Showgrounds' future is unknown
Meanwhile, the future of the Auckland Showgrounds is still unknown. Reade would not be drawn on plans for the site or when, or if, it would reopen for exhibitions. Nor would he say if an arrangement with a film industry was off the table.
"Several parties" had expressed interest in operating the site and the board was working hard to get a solution as soon as possible, he said. The board was focused on finding an operator who could provide a realistic commercial return at a reasonable level of risk. (The board relies on income from the showgrounds to contribute to the maintenance of Cornwall Park.)
Reade said the board would consider any viable proposal that met its legal and commercial criteria.
"We are confident we will be able to achieve a workable solution within the constraints set by Justice Peters' decision."
He did not discount reopening the showgrounds on a temporary basis while considering the best longer-term solution.

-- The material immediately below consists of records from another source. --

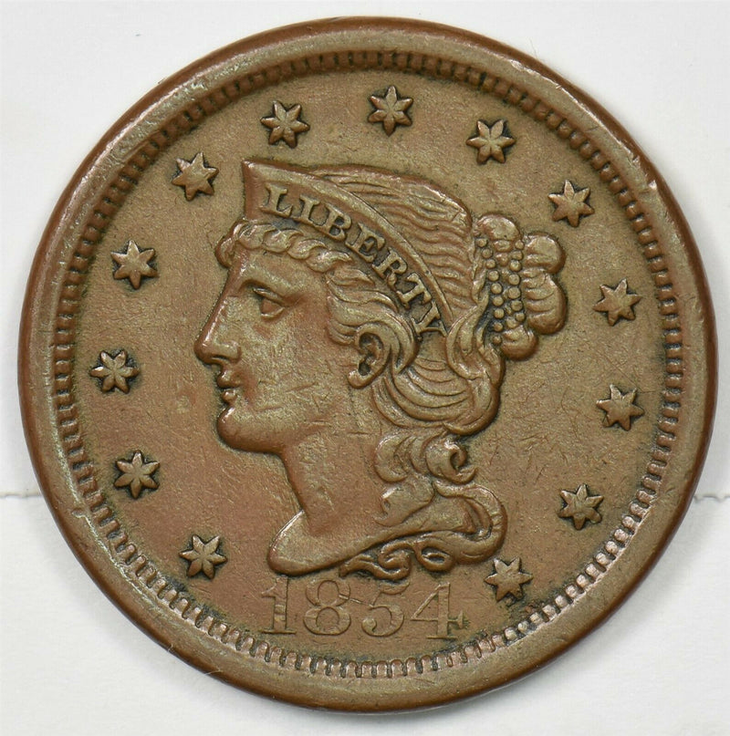 1854 Braided Hair Large Cent AU/XF U0377
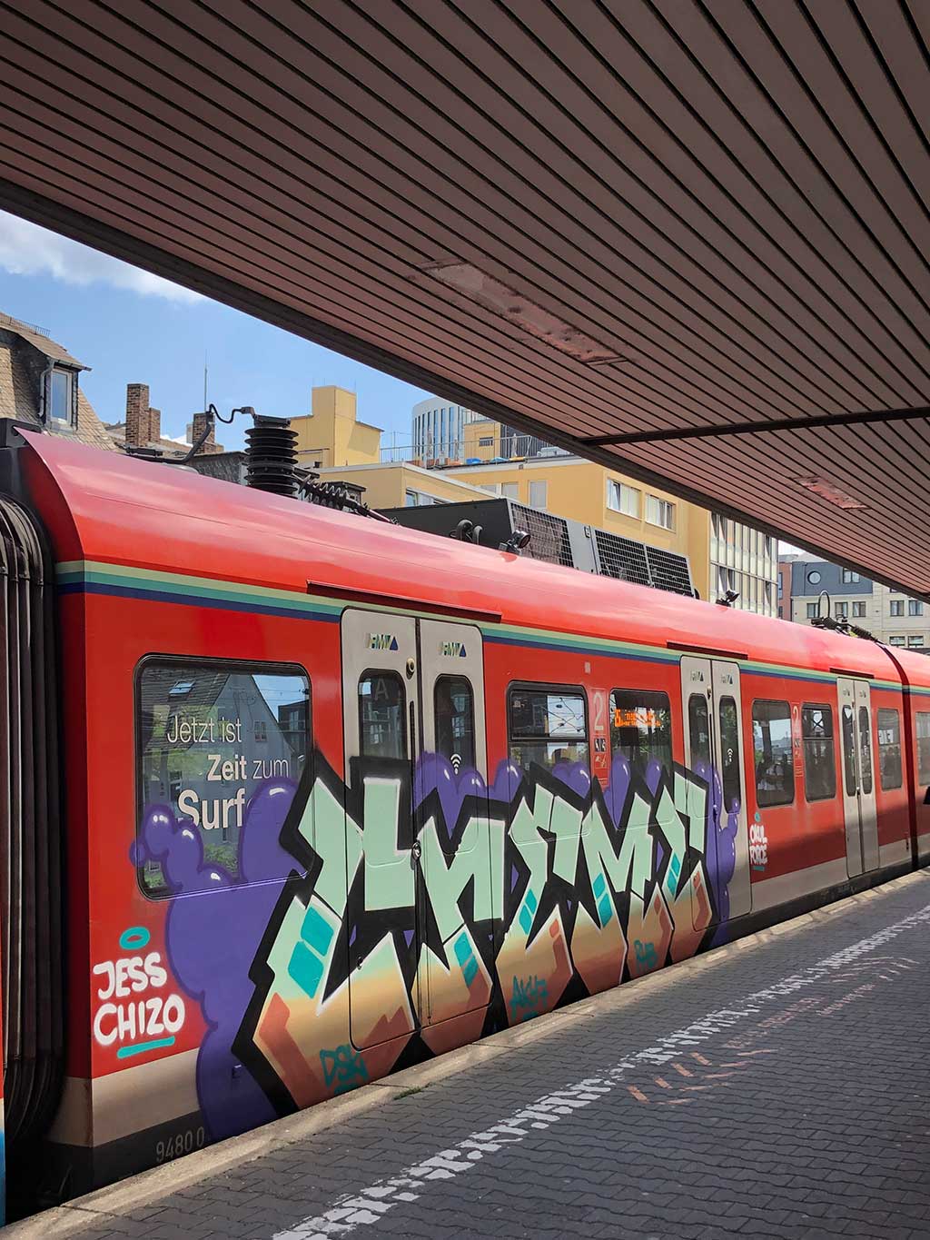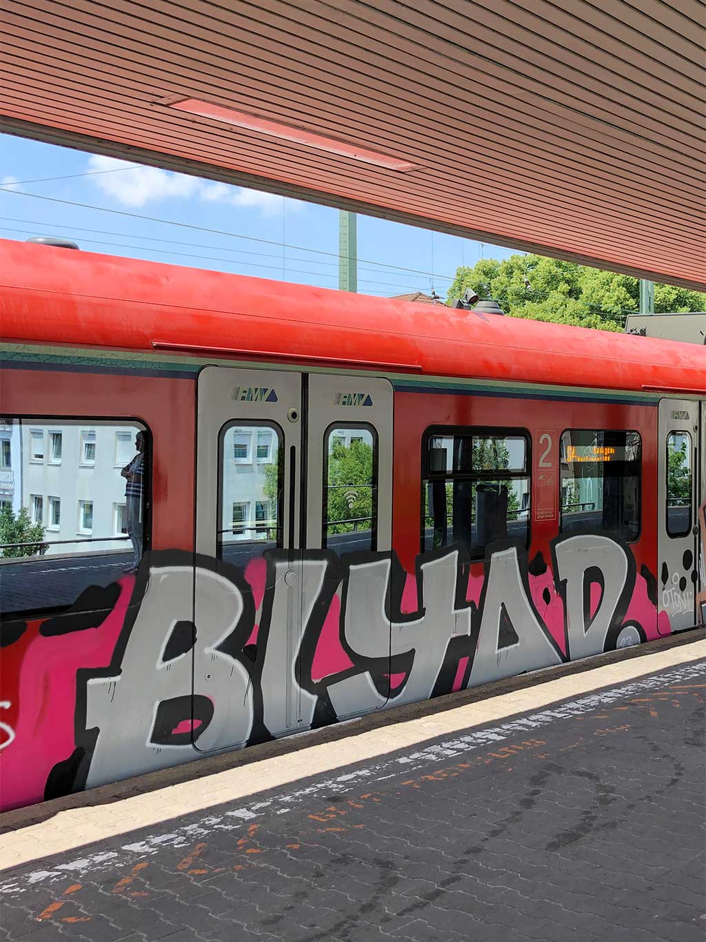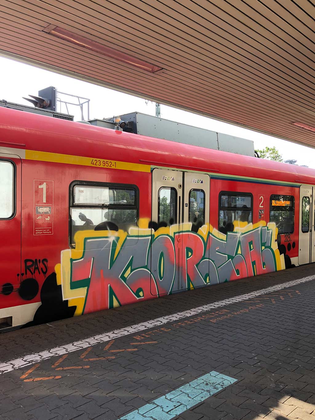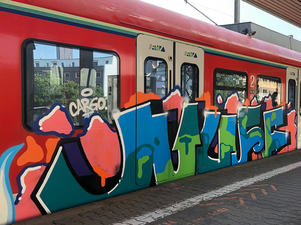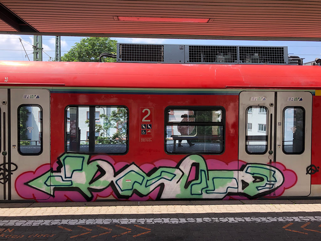 Während Grünpflanzen teilweise manch ein Sprühwerk auf der Schallschutzwand entlang der S-Bahn-Station Galluswarte verdecken, ist bei den dort haltmachenden S-Bahnen weiterhin eine einwandfreie Betrachtung solcher Arbeiten möglich. Aktuell sieht es z. B. wie folgt aus:
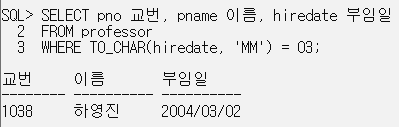 WHERE TO_CHAR(hiredate, 'MM') = 03;
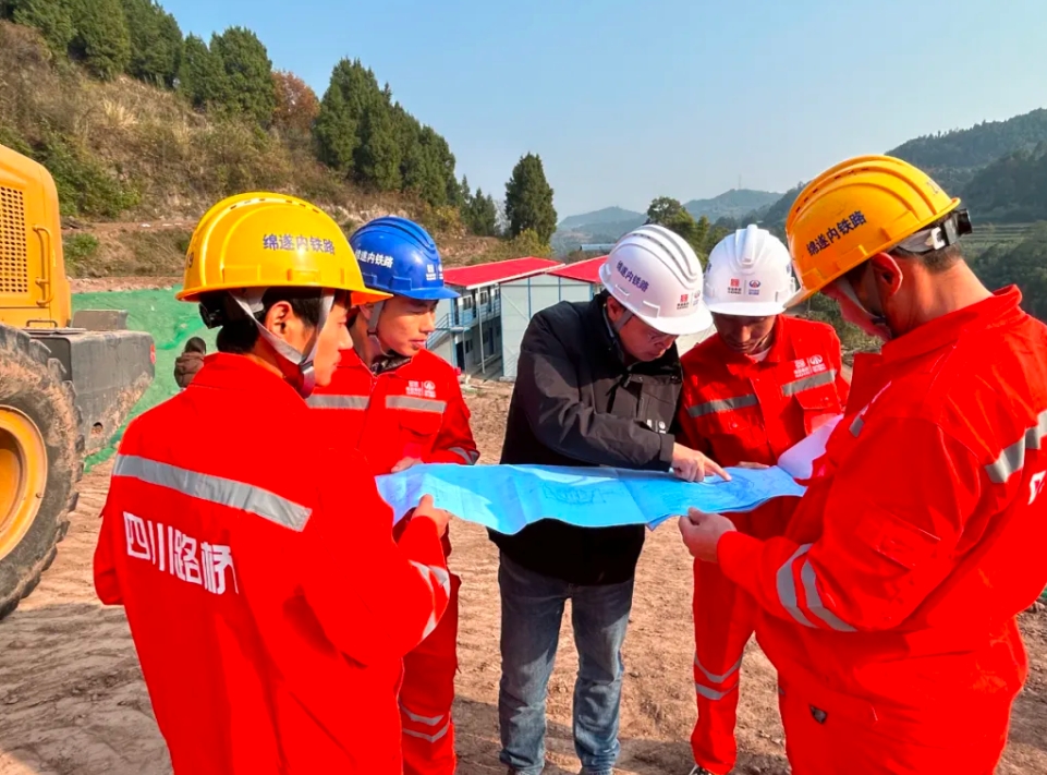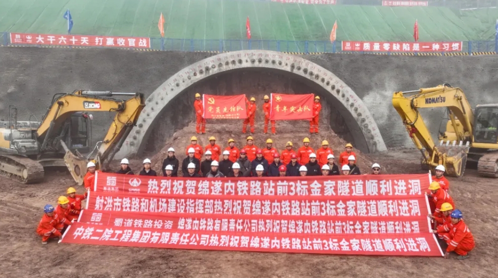 据项目部工作人员介绍,此次进洞施工点存在浅埋段,并属于微瓦斯隧道环境,因此采用了机械开挖方式,并利用大管棚超前支护设计确保安全进洞。面对复杂的地质条件和高风险的施工环境,勘测、便道开口施工及安全管控成为了影响进度施工的关键因素。绵遂内铁路公司与各参建单位协同合作,科学部署,全面推进,建立了高效的征拆协调机制,完成了遂宁段首个房屋拆除工作,逐步打通了施工建设和材料进场的“生命线”,全力保障施工外部环境的顺畅。
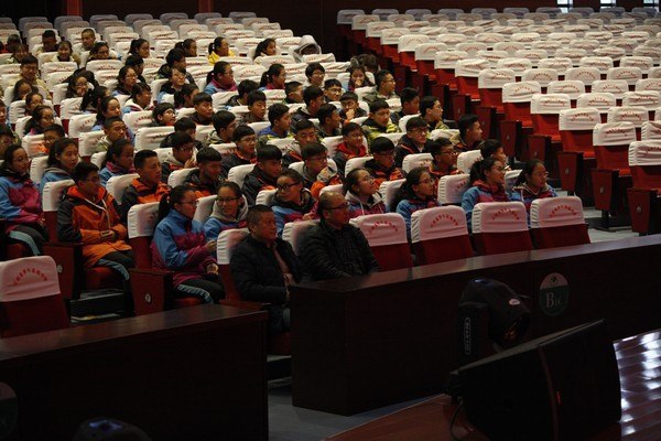 常藏的近160师生分成两组参观了省奔中校园,省奔中美丽的校园环境,现代化的设施设备给常藏师生留下了深刻的印象。9点50分,来访的客人齐聚丽江楼报告厅,黄伟文副校长代表学校作了热情洋溢的讲话,欢迎常州西藏民族中学的领导、、老师、同学来校活动并祝愿大家在省奔中度过愉快的一天。
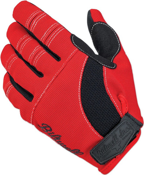 Two-way stretch polyester back panel construction for ventilation and comfort ,Single-layer synthetic leather palm with reinforced thumbs ,Lycra expansion panels in fingers for a snug, comfortable fit ,Expanding knuckle joints for better dexterity ,Screen-printed graphics and traction tips on the first two fingers
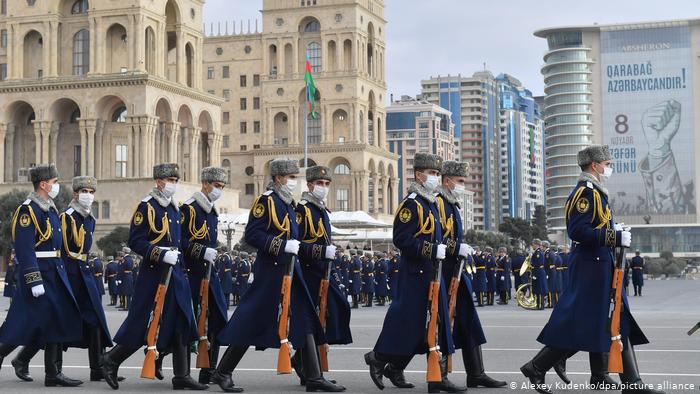 আজারবাইজানে বিজয় উৎসবে সেনার প্যারেড।
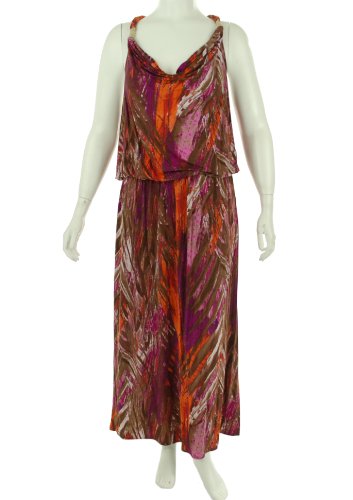 Dress features a cowl neck, sleeveless with braided straps and t-bar in back.
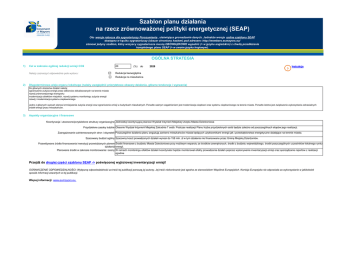 Szablon planu działania na rzecz zrównoważonej polityki energetycznej (SEAP) Oto wersja robocza dla sygnatariuszy Porozumienia , ułatwiająca gromadzenie danych. Jednakże wersja online szablonu SEAP dostępna w kąciku sygnatariuszy (obszar chroniony hasłem) pod adresem: http://members.eumayors.eu/ stanowi jedyny szablon, który wszyscy sygnatariusze muszą OBOWIĄZKOWO wypełnić (> w języku angielskim) z chwilą przedłożenia kompletnego planu SEAP (> w swoim języku krajowym). OGÓLNA STRATEGIA 1) Cel w zakresie ogólnej redukcji emisji CO2 20 Należy zaznaczyć odpowiednie pole wyboru: Redukcja bezwzględna (%) do 2020 ? Instrukcje Redukcja na mieszkańca 2) Długoterminowa wizja organu lokalnego (należy uwzględnić priorytetowe obszary działania, główne tendencje i wyzwania) Do głównych obszarów działań należą: ograniczenie zużycia energii przez odbiorców zlokalizowanych na terenie miasta rozwój zrównoważonego transportu modernizacja obiektów miejskich, rozwój systemu monitoringu zużycia energii rozwój i modernizacja systemu ciepłowniczego Jedno z głównych wyzwań stanowi zmniejszenie zużycia energii oraz ograniczenie emisji w budynkach mieszkalnych. Ponadto ważnym zagadnieniem jest modernizacja ciepłowni oraz systemu ciepłowniczego na terenie miasta. Ponadto istotne jest zwiększenie wykorzystania odnawialnych źródeł energii przez mieszkańców. 3) Aspekty organizacyjne i finansowe Koordynacja i utworzone/przydzielone struktury organizacyjne Jednostkę koordynującą stanowi Wydział Inżynierii Miejskiej Urzędu Miasta Dzierżoniowa Przydzielone zasoby ludzkie Obecnie Wydział Inżynierii Miejskiej Zatrudnia 7 osób. Podczas realizacji Planu liczba przydzielonych osób będzie zależna od poszczególnych etapów jego realizacji. Zaangażowanie zainteresowanych stron i obywateli Poszczególne działania planu angażują zarówno mieszkańców miasta będących użytkownikami energii jak i przedsiębiorstwa energetyczne działające na terenie miasta. Szacowany budżet ogólny Szacowny koszt prowadzonych działań wynosi do 158 mln. zł w tym działania nie finansowane przez Gminę Miejską Dzierżoniów. Przewidywane źródła finansowania inwestycji przewidzianych planem Środki finansowe z budżetu Miasta Dzierżoniowa przy możliwym wsparciu ze środków zewnętrznych, środki z budżetu wojewódzkiego, środki poszczególnych uczestników lokalnego rynku działania energii. Planowane środki w zakresie monitorowania i oceny W ramach monitoringu efektów działań koordynator będzie monitorował efekty prowadzenia działań poprzez wykonywanie inwentaryzacji emisji oraz sporządzanie raportów z realizacji zgodnie z harmonogramem zawartym w SEAP. Przejdź do drugiej części szablonu SEAP -> poświęconej wyjściowej inwentaryzacji emisji! OGRANICZENIE ODPOWIEDZIALNOŚCI: Wyłączną odpowiedzialność za treść tej publikacji ponoszą jej autorzy. Jej treść niekoniecznie jest zgodna ze stanowiskiem Wspólnot Europejskich. Komisja Europejska nie odpowiada za wykorzystanie w jakikolwiek sposób informacji zawartych w tej publikacji. Więcej informacji: www.eumayors.eu. Szablon planu działania na rzecz zrównoważonej polityki energetycznej (SEAP) WYJŚCIOWA INWENTARYZACJA EMISJI 1) Rok inwentaryzacji 1995 ? Instrukcje ? Współczynniki emisji W przypadku sygnatariuszy Porozumienia obliczających emisje CO2 na mieszkańca, należy sprecyzować tutaj liczbę mieszkańców w roku inwentaryzacji: 2) Współczynniki emisji Należy zaznaczyć odpowiednie pole wyboru: Standardowe współczynniki emisji zgodne z zasadami IPCC Współczynniki LCA (ocena cyklu życia) Jednostka zgłaszania emisji Należy zaznaczyć odpowiednie pole wyboru: Emisje CO2 Emisje ekwiwalentu CO2 3) Główne wyniki wyjściowej inwentaryzacji emisji Objaśnienie kolorów i symboli: Szarych pól nie można edytować Komórki zielone to pola obowiązkowe A. Końcowe zużycie energii Należy zauważyć, że jako separatora dziesiętnego używa się kropki [.]. Separatory tysięcy nie są dozwolone. KOŃCOWE ZUŻYCIE ENERGII [MWh] Paliwa kopalne Kategoria Energia elektryczna Ciepło/chłód Gaz ziemny Gaz ciekły Olej opałowy Olej napędowy Benzyna Energia odnawialna Węgiel brunatny Węgiel kamienny Inne paliwa kopalne Olej roślinny Biopaliwo Inna biomasa Słoneczna Geotermicz cieplna na Razem BUDYNKI, WYPOSAŻENIE/URZĄDZENIA I PRZEMYSŁ: Budynki, wyposażenie/urządzenia komunalne Budynki, wyposażenie/urządzenia usługowe (niekomunalne) 1 688 11 674 4 241 14 620 6 229 5 832 244 1 458 2 397 12 222 Budynki mieszkalne 19 865 49 265 58 768 463 1 157 104 629 28 625 9 242 8 026 2 139 18 883 64 593 77 369 78 855 Komunalne oświetlenie publiczne Przemysł (z wyjątkiem zakładów objętych systemem handlu uprawnieniami do emisji UE — ETS) Budynki, wyposażenie/urządzenia i przemysł razem 14 555 46 051 16 192 250 338 2 741 2 741 707 4 754 - - - 66 915 138 131 - - - 16 192 - - 380 600 - 2 235 39 378 41613 422 213 TRANSPORT: Tabor gminny Transport publiczny Transport prywatny i komercyjny Transport razem Razem 0 64 593 0 77 369 919 919 0 78 855 1 626 0 4 754 2234,76 16388,24 18623 18 623 22071 22071 22 071 0 - 0 138 131 0 - 0 - 0 - 0 0 16 192 - 0 Gminne zakupy certyfikowanej energii ekologicznej (o ile ich dokonano) [MWh]: Współczynnik emisji CO2 dla zakupów certyfikowanej energii ekologicznej (dla podejścia LCA): B. Emisje CO2 lub ekwiwalentu CO2 Należy zauważyć, że jako separatora dziesiętnego używa się kropki [.]. Separatory tysięcy nie są dozwolone. Emisje CO2 [t]/emisje ekwiwalentu CO2 [t] Paliwa kopalne Kategoria Energia odnawialna Energia elektryczna Ciepło/chłód Budynki, wyposażenie/urządzenia komunalne Budynki, wyposażenie/urządzenia usługowe (niekomunalne) 2 010 13 904 2 333 3 260 1 258 1 178 56,364 406,874907 848,538 4326,588 6 450 23 132 Budynki mieszkalne 23 659 31 883 11 871 106,867992 322,68582 37038,50129 104 881 596,75 6684,7 48 079 Gaz

Spillane and Clarke cannot understand the board's reluctance to consider the only other tender in the proceedings, from major events supplier Coast Group. Spillane said Coast Group's proposal, which was backed by his company and others in the industry, was financially viable and offered a longer lease than that offered by Xytech. It was also the only offer on the table that complied with the 1982 act and the Auckland Unitary Plan Precinct.
As the owners of the showgrounds’ buildings, the CPTB needed to concentrate on carrying out urgent repairs to be ready for the 2023 events calendar, he said. Revenue of between $1.5 million and $2m that the board could have earned from exhibitions between June and the end of the year would have contributed significantly to those costs had the showgrounds remained open.